Will they understand that this control does what they need?
After the action, will they receive system feedback that tells them it worked as intended?
Test any workflow against these four questions step by step, and you will start to identify where user friction is likely to appear in your design in the real world.
This was what was missing in that first session I watched early in my career. Everyone in the room assumed the answers to those questions were obvious. No one even bothered to ask any of them, so blind spots stayed hidden. The basic structure is what separates a real walkthrough from a demo. I created the Cognitive Walkthrough table below that organizes these four questions into a practical grid. You can use it with your own product and see how quickly weak spots surface.
The example grid below shows how a compliance officer might try to generate and export a quarterly report in a FinTech SaaS platform.

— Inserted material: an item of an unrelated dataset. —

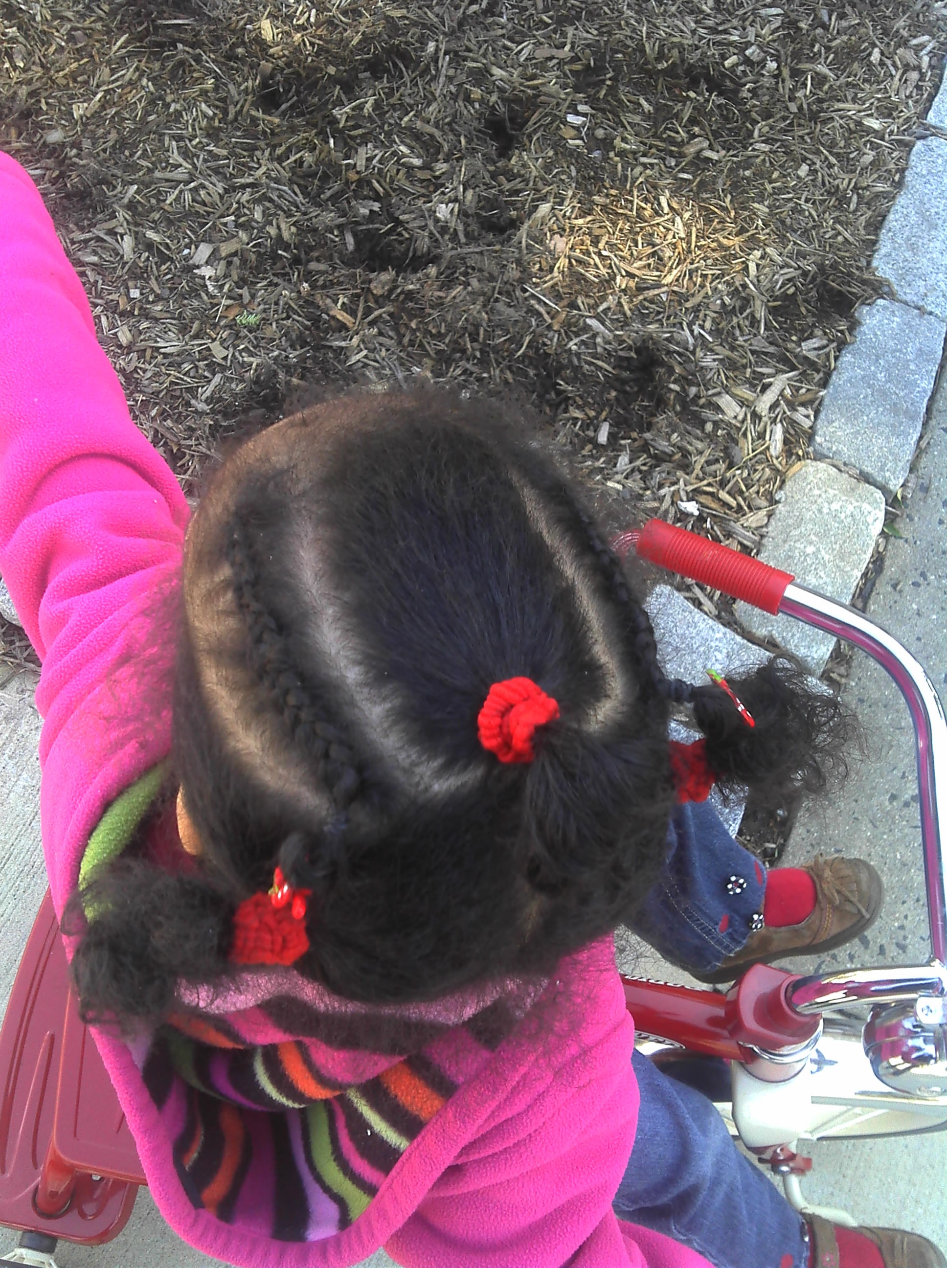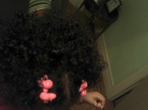 Here is a quick, working-mom style that I put into Baby’s hair a few weeks ago. I did the two cornrows near her temples, not too tight, and secured the ends with small rubber bands moistened with coconut oil. That pretty much left the rest of her hair in pre-parted sections. For the rest of the week, all I did was put twists or plaits into the large sections at night. In the mornings I swept them into ponytails with a Goody rubber-based styling brush. I secured them with ponytail holders, and changed the colors to match her outfit everyday. If we had extra time in the morning (often we didn’t) I twisted the ponytail ends and clipped them into little barrettes. Now I’ve accepted the fact that I have to twists the ends, otherwise they will frizz and split, maybe lead to breakage. So that means getting up 15 extra minutes in the morning to do everything right. Hey, I wanted a girl, and I sure got one! LOL.
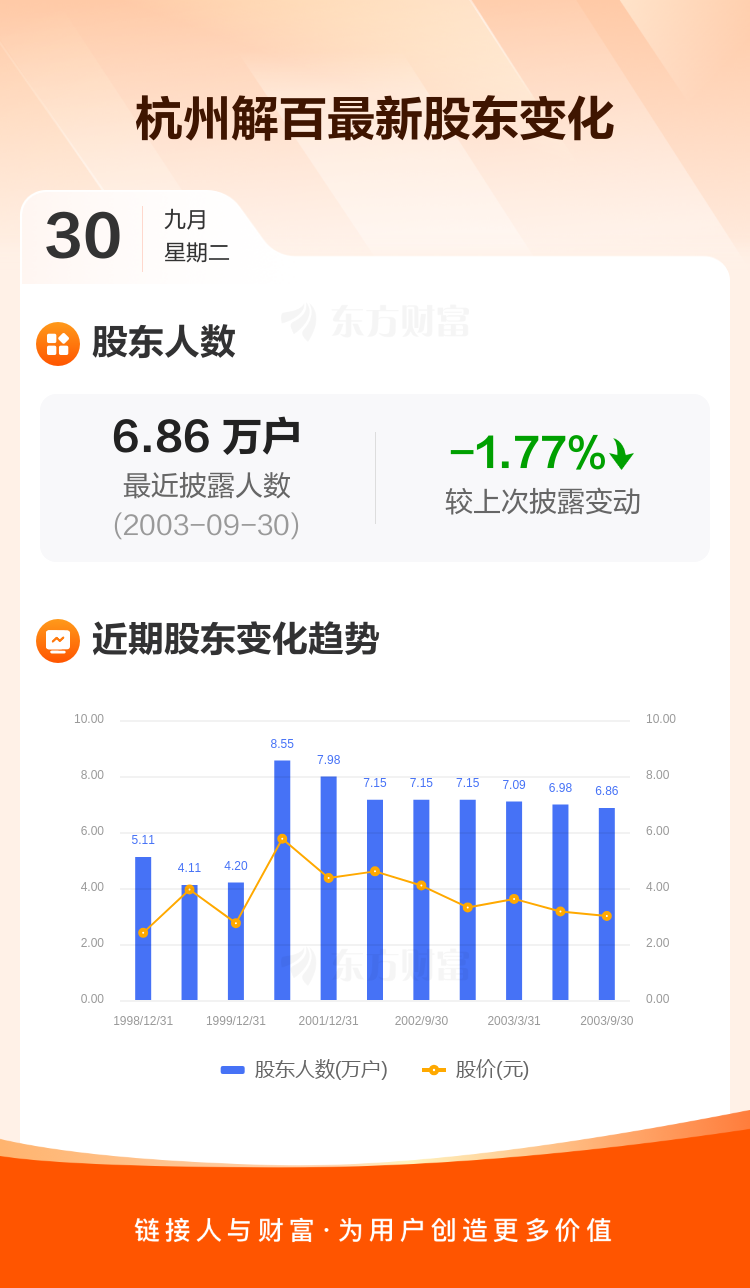 杭州解百:截至9月30日最新股东户数6.86万户,较上期减少1.77%

I hope this gives you an idea of what this could look like in the real world.
Where Confirmation Bias Creeps In
Confirmation bias is the reason so many teams think they ran a walkthrough when all they really did was confirm what they already know.
Bias shows up in a few predictable ways:
Assuming users know what the team knows: For example, believing the button labeled “Finalize” is the best choice when a clearer label like “Submit Report” or “Close Task” is more accurate.
Skipping messy starting points: Real users often begin from deep links, emails, or alerts, but teams often mistakenly start from a clean homepage.
Filling in gaps without realizing it: Teams narrate the steps out loud and convince themselves that control is discoverable.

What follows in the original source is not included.